* RECORDS PROVIDED *
──────
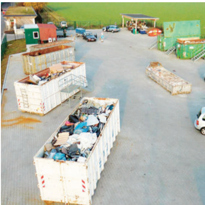
Der Wertstoffhof in Semd.

Bei gleichen Anlieferungsmengen ist für Abfallgemische die Gebühr höher als für vorsortiert Anlieferungen. Weiterhin spart man sich die Zeit für eventuelle Nachsortierungen auf dem Wertstoffhof. Für alle Entsorgungsfragen steht die städtische Abfallberatung unter Tel.: 06078-781-219 zur Verfügung. Der
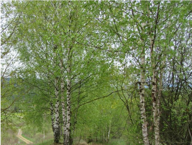
Berken in het voorjaar

“Betula” is vermoedelijk afgeleid van het Keltische woord “betu” wat slaan betekent en refereert naar het oude Scandinavische gebruik om met berken takjes op de huid te slaan om de bloedsomloop te bevorderen, zoals bv na een bezoek aan de sauna.
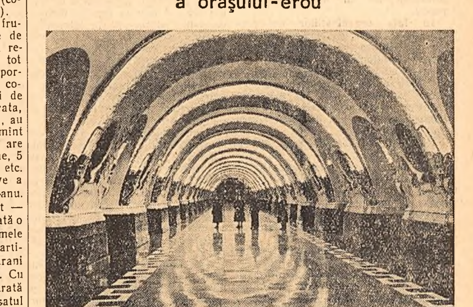
În cadrul unui miting festiv a fost inaugurată la 15 noiembrie 8 stații ale acestui linii sînt adevărate opere de artă. După prima călătorie cu metroul, leningrădenii au notat în cartea de impresii: „Ne mîndrim cu această mareă construcție!”, „Mulțumim constructorilor”, „Am primit un dar minunat!”
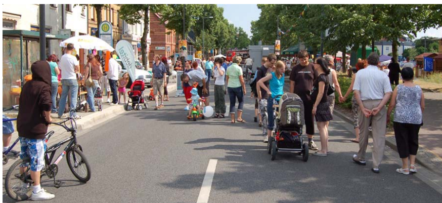
Am Festwochenende war die Leipziger Straße voller Menschen.

Ein großes Ereignis konnten die Bitterfeld-Wolfener vom 06.-08.06.08 beim Vereins- und Familienfest erleben. Von Freitag bis Sonntagabend war der Ortsteil Wolfen von Musik und Tanz geprägt. Und ganz nach alter Tradition gab es am Sonntag auch wieder den Freibieranstich durch die Oberbürgermeisterin. Am Freitag erbegann das Fest mit abwechslungsreichem Musikprogramm. Natürlich live und da wurde gleich zu Beginn mit Frauenpower durchgestartet. Vertreten war diese durch die Band „Scarlett“. Danach erfreute die „Halle luja“ Westernhagen Coverband die Gäste, bevor es um punkt Mitternacht ein kleines abschließendes Feuerwerk gab. Der Samstag stand im Zeichen des Sports. Es gab Vorführungen von Sportvereinen. Auch wurde das 2. Wolfener Seifenkistenrennen durchgeführt. Aber auch für Musik war durch die Darbietung künstlerischer Vereine zahlreich gesorgt. Abschließend sammelten sich die Menschen am Studio D4, dem
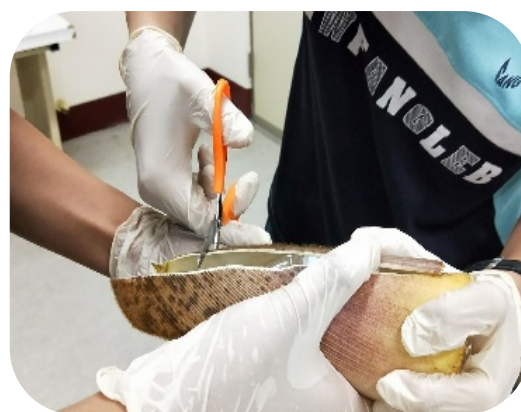
二、把筍殼做成圓筒狀
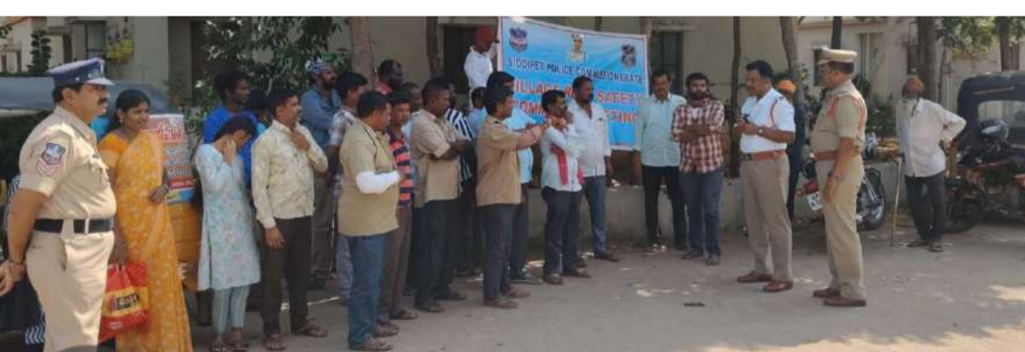
అక్షర విజేత సిద్దిపేట

ఈ సందర్భంగా ట్రాఫిక్ ఇన్స్పెక్టర్ మాట్లాడుతూ డబుల్ బెడ్ రూమ్ కాలనీవాసులు రాజీవ్ రహదారి ఎక్కేటప్పుడు చాలా జాగ్రత్తగా వెళ్లాలని రోడ్డు ప్రమాదాలు జరిగే అవకాశం ఎక్కువగా ఉన్నందున రోడ్డుకు ఇరువైపులా వాహనాలు వెళుతున్నాయా లేదా చూసుకొని రోడ్డు దాటాలని సూచించారు. రాంగ్ రూట్లో రాకుండా చూసుకోవాలని రాంగ్ రూట్లో రావడం వల్ల రోడ్డు ప్రమాదాలు జరిగి విలువైన ప్రాణాలు పోగొట్టుకునే అవకాశం ఉన్నందున ఎట్టి పరిస్థితుల్లో రాంగ్ రూట్లో రాకుండా వాహనాలను అదుపు చేయాలని సూచించారు. కొంతమంది రాంగ్ రూట్లో వస్తున్నారని రాంగ్ రూట్లో వచ్చే వారిపై ఎం ఐ యాక్ట్ ప్రకారం కేసులు
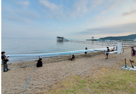
▲フライト直前の様子

荒川キャンパスの人力飛行機研究部Team ЯTRが鳥人間コンテスト2021の滑空機部門に出場しました。今年は新型コロナウイルス感染症の影響により、出場チーム枠が例年の半分に絞られました。本校は、無事、狭き門の書類選考を通過し、2年ぶり(昨年度は中止)に出場権を獲得しました。
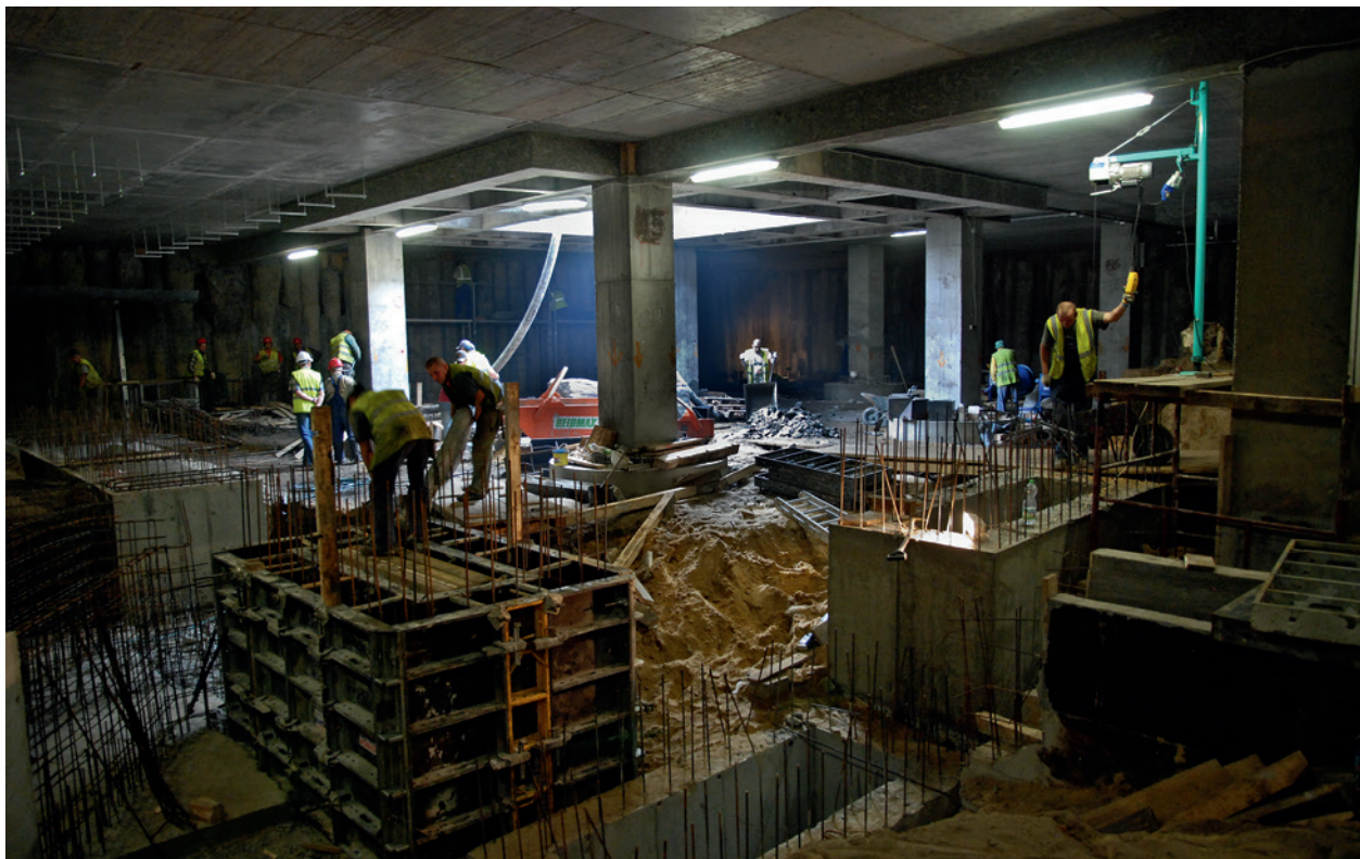
Północno-wschodnia część podziemi Rynku, budowa trasy turystycznej; fot. B. Woch, 24 września 2009 r.; w zbiorach Muzeum Historycznego Miasta Krakowa

patrząc z podziemi do góry, mogą zobaczyć wieże kościoła Mariackiego. Zakończony pod koniec września 2010 roku montaż fontanny umożliwił zamknięcie otworu technologicznego w płycie Rynku. Ostatecznie uruchomiono ją 13 października.
──────
Extract from the material above the stretch running from the line containing "Berken in het voorjaar" through the line containing "Am Festwochenende war". Keep the text exact and the pictures out.

* REPLY *
Berken in het voorjaar

“Betula” is vermoedelijk afgeleid van het Keltische woord “betu” wat slaan betekent en refereert naar het oude Scandinavische gebruik om met berken takjes op de huid te slaan om de bloedsomloop te bevorderen, zoals bv na een bezoek aan de sauna.
În cadrul unui miting festiv a fost inaugurată la 15 noiembrie 8 stații ale acestui linii sînt adevărate opere de artă. După prima călătorie cu metroul, leningrădenii au notat în cartea de impresii: „Ne mîndrim cu această mareă construcție!”, „Mulțumim constructorilor”, „Am primit un dar minunat!”
Am Festwochenende war die Leipziger Straße voller Menschen.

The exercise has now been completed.